L10, Gene therapy Flashcards
1
Q
Gene therapy definition:
A
- The introduction, using a vector, of nucleic acids into cells with the intention of altering gene expression to prevent, halt or reverse a pathological process
2
Q
4 Key groups of targets for gene therapy:
Include examples for each
A
- Single gene recessive LOF -> Gene addition or replacement (e.g. CF, haemophilia)
- Single gene haploinsufficiency -> Gene addition (e.g.
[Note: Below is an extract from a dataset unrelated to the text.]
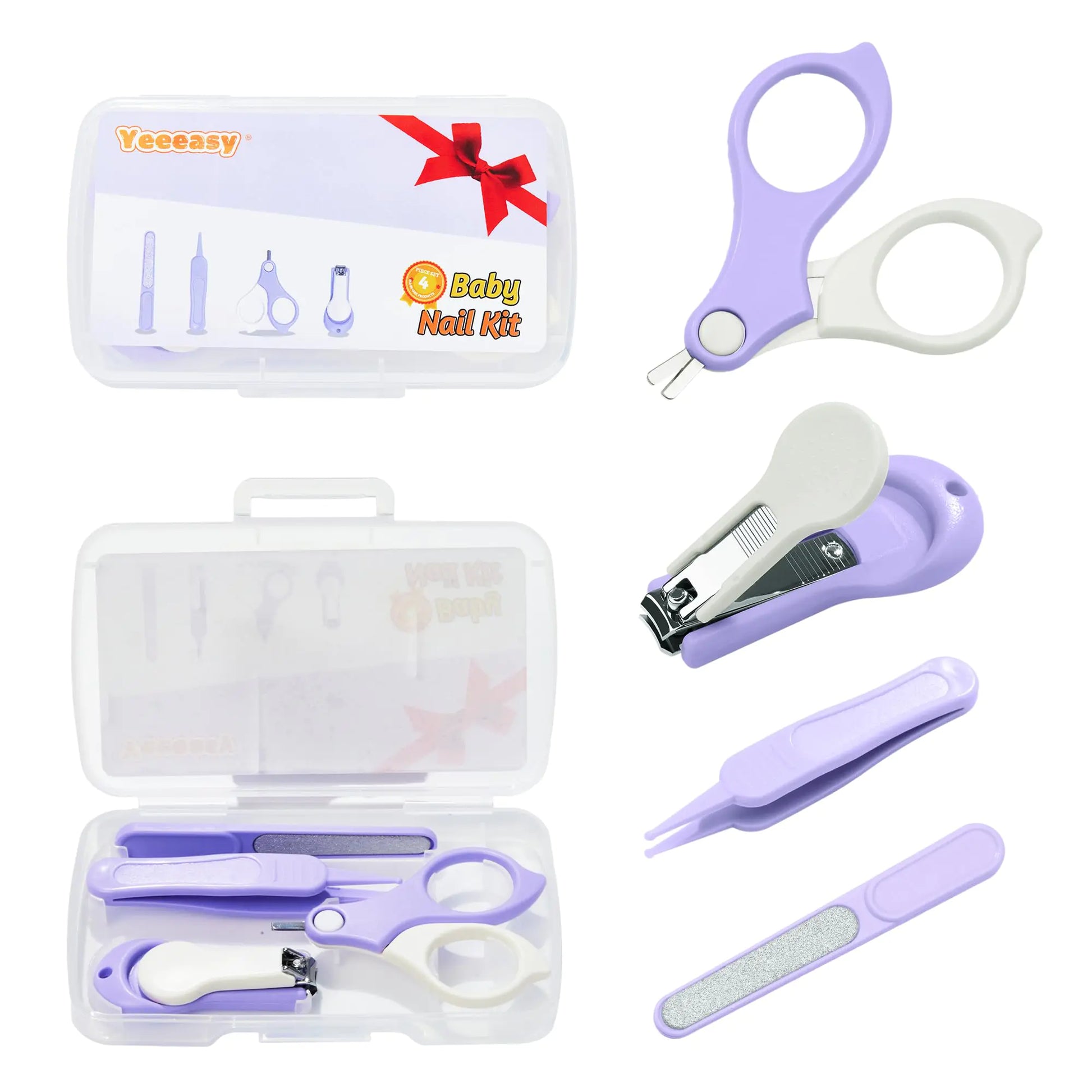 [【4-in-1 Baby Nail Kit】This baby grooming kit includes a non-slip nail clipper large-handle nail scissors a double-sided nail file and rounded-tip tweezers. The set measures 5.3 x 2 x 0.8 inches. 【Safe and Durable Materials】The plastic components of this baby grooming kit are made of ABS material which is non-toxic and durable. The metal parts are crafted from high-quality stainless steel that won’t rust or dull over time. 【The Necessity of Baby Nail Care Set】Babies have weaker immune systems and sharing nail clippers with adults can lead to bacterial infections. Using specific tools designed for different stages of a baby’s growth is better for maintaining healthy nails. 【Versatile and Portable】This grooming kit is compact and easy to carry making it perfect for travel or on-the-go use. It also makes a great gift for new parents. "【Ergonomic design】The back of the nail clippers has a raised anti-slip design and the 45-degree angle formed by the handle and the blade is more suitable for exerting force; the large handle of the nail scissors is more suitable for gripping and controlling the angle and the blunt-angle design of the scissors blades can avoid accidental injury to the baby; the surface texture of the nail file is delicate and the handle is non-slip which is very suitable for the babys soft nails; the round design of the tip of the tweezers can ensure safety when cleaning the baby."]

DSH)
- Single gene dominant negative -> allele silencing or replacement (e.g. HD)
- Multi-gene or acquired -> addition of therapeutic gene (e.g. cancer, heart disease, rheumatoid arthritis)
3
Q
Gene therapies of cancer:
A
- Mostly CAR-T
- Largest portion of gene therapies in use
4
Q
In vivo gene therapy:
A
- Single step
- Vector administered (injected or inhaled) directly to patient, targeted specifically to organ or tissue
- Targeting somatic cells only
5
Q
Ex vivo gene therapy:
A
- Two steps
- Cells removed from patient, vector added to cells in vitro then engineered cells returned to patient
- May be combined with (stem) cell-based therapy
- Targeting somatic cells
6
Q
Discuss the processes and relevant barriers to gene therapy:
A
- Circulating antibodies target the vector for immune destruction -> often a basis for exclusion from trials
- Uptake into cells requires expression of specific receptors
- Transport into nucleus
- Must replicate either by integrating into host DNA forming an episome for independent replication
- Transcript must be processed to produce a protein; epigenetic effects can prevent this (e.g. insertion into heterochromatic region) -> no control over where vector inserts into genome
- If the protein is unrecognised by the immune system, it will be attacked (e.g. in MD if patient totally lacks dystrophin)
7
Q
List possible vectors for gene therapy with examples where relevant:
A
- Adenovirus
- Adeno-associated virus
- Gamma-retrovirus (e.g. Moloney murine leukaemia virus-derived)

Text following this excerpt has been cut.